DATASET EXTRACT START

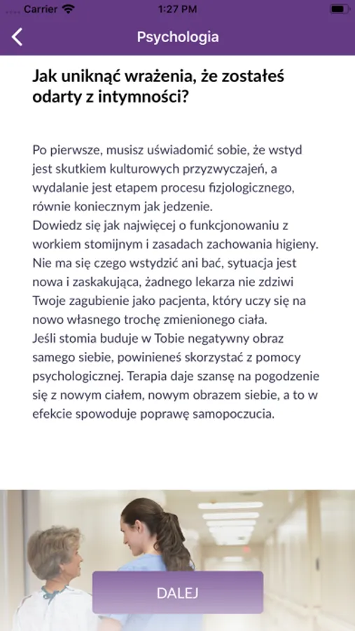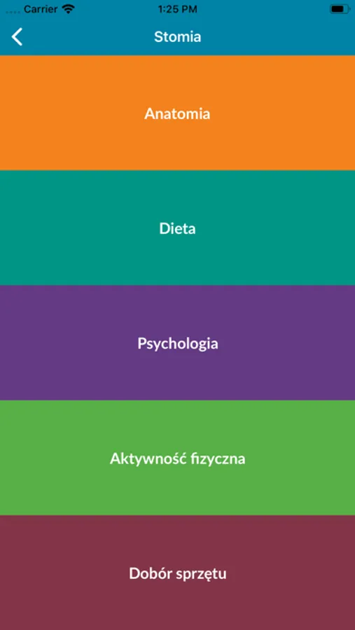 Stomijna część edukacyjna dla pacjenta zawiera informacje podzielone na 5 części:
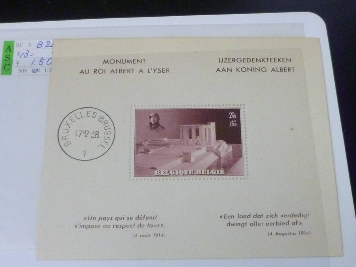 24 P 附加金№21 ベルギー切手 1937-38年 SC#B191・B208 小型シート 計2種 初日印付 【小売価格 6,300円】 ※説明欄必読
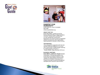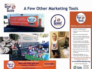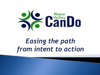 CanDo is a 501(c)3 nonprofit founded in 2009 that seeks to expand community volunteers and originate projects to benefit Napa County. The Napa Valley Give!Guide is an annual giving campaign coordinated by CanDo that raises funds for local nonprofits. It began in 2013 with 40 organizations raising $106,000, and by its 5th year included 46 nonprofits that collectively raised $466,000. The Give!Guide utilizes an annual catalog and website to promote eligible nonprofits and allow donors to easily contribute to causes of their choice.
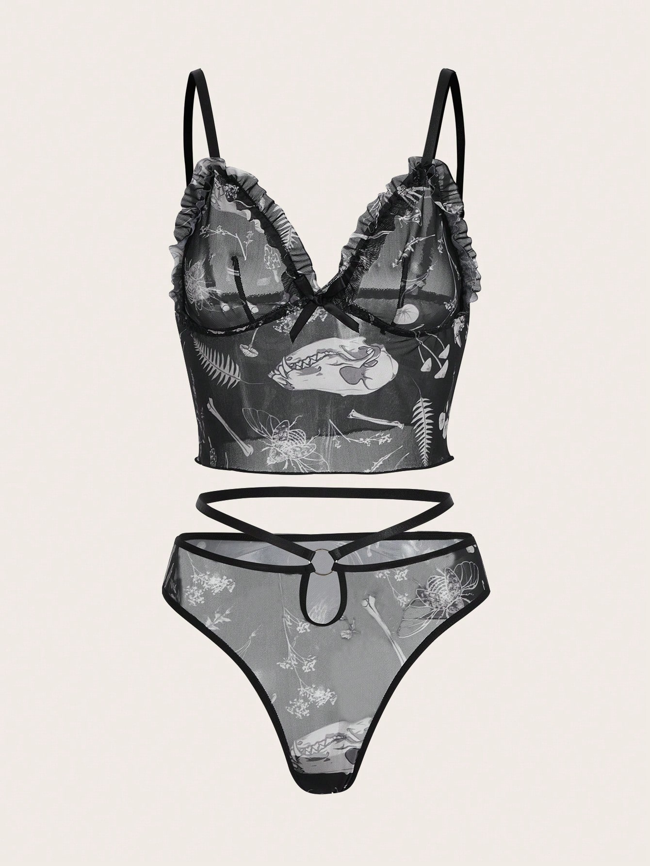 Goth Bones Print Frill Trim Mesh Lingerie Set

DATASET EXTRACT END
DATASET EXTRACT START

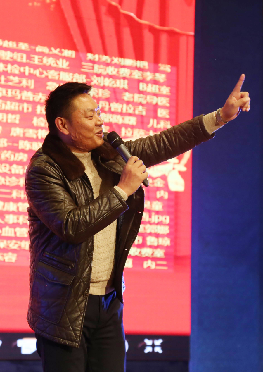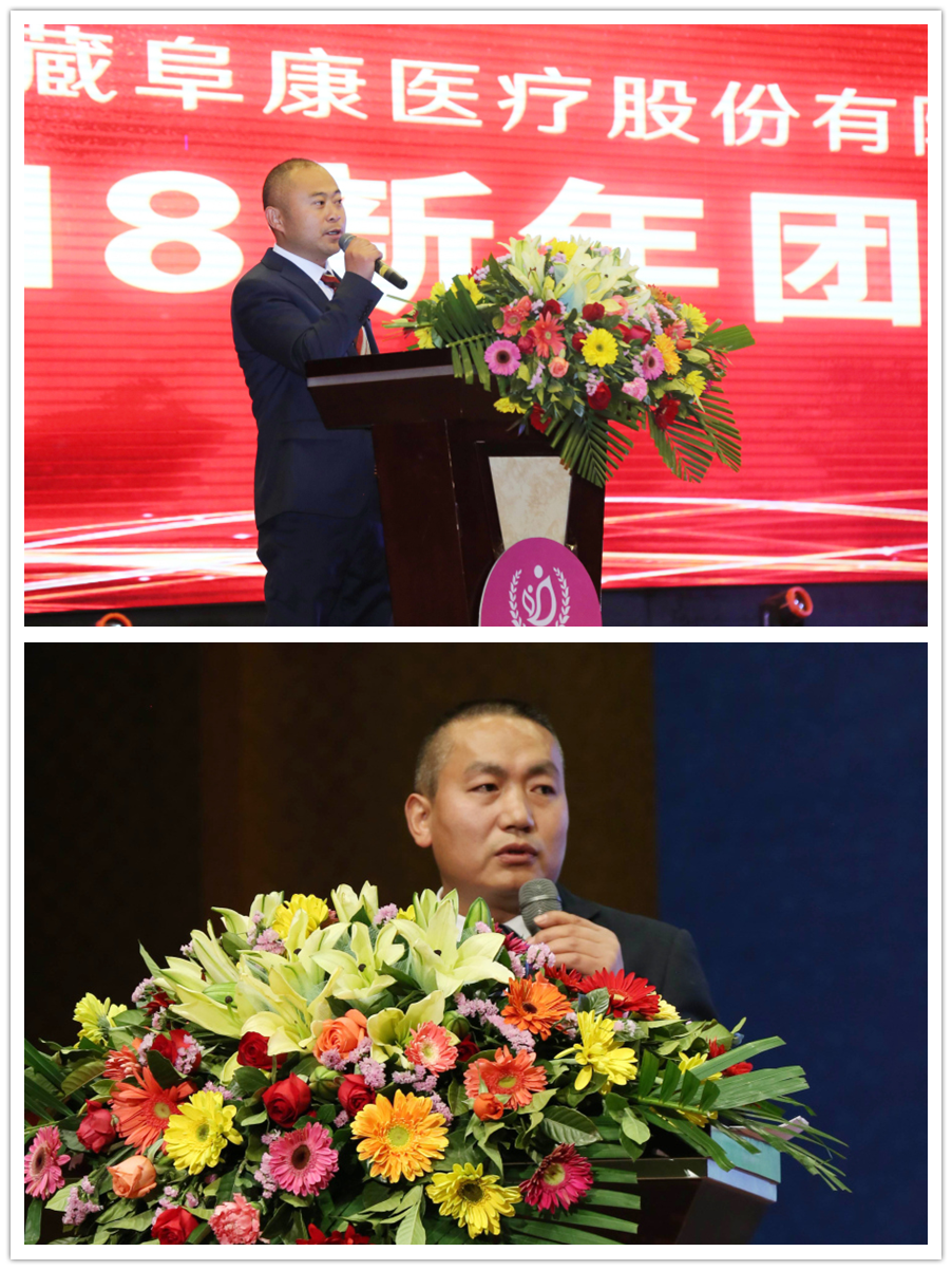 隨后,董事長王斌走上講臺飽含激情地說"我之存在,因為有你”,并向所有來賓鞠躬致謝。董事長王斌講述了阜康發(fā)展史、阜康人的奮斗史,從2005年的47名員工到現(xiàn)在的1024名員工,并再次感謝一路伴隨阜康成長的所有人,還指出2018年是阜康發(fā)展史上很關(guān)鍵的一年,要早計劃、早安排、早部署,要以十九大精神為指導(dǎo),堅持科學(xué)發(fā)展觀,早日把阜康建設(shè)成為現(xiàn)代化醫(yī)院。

DATASET EXTRACT END

WHAT TO DO:
In the records above, everything from the line with "Stomijna część edukacyjna" down to the line with "Goth Bones Print" must be duplicated exactly, both lines kept. Leave no pictures in.

RESULT OF THE EXERCISE:
 Stomijna część edukacyjna dla pacjenta zawiera informacje podzielone na 5 części:
 24 P 附加金№21 ベルギー切手 1937-38年 SC#B191・B208 小型シート 計2種 初日印付 【小売価格 6,300円】 ※説明欄必読
 CanDo is a 501(c)3 nonprofit founded in 2009 that seeks to expand community volunteers and originate projects to benefit Napa County. The Napa Valley Give!Guide is an annual giving campaign coordinated by CanDo that raises funds for local nonprofits. It began in 2013 with 40 organizations raising $106,000, and by its 5th year included 46 nonprofits that collectively raised $466,000. The Give!Guide utilizes an annual catalog and website to promote eligible nonprofits and allow donors to easily contribute to causes of their choice.
 Goth Bones Print Frill Trim Mesh Lingerie Set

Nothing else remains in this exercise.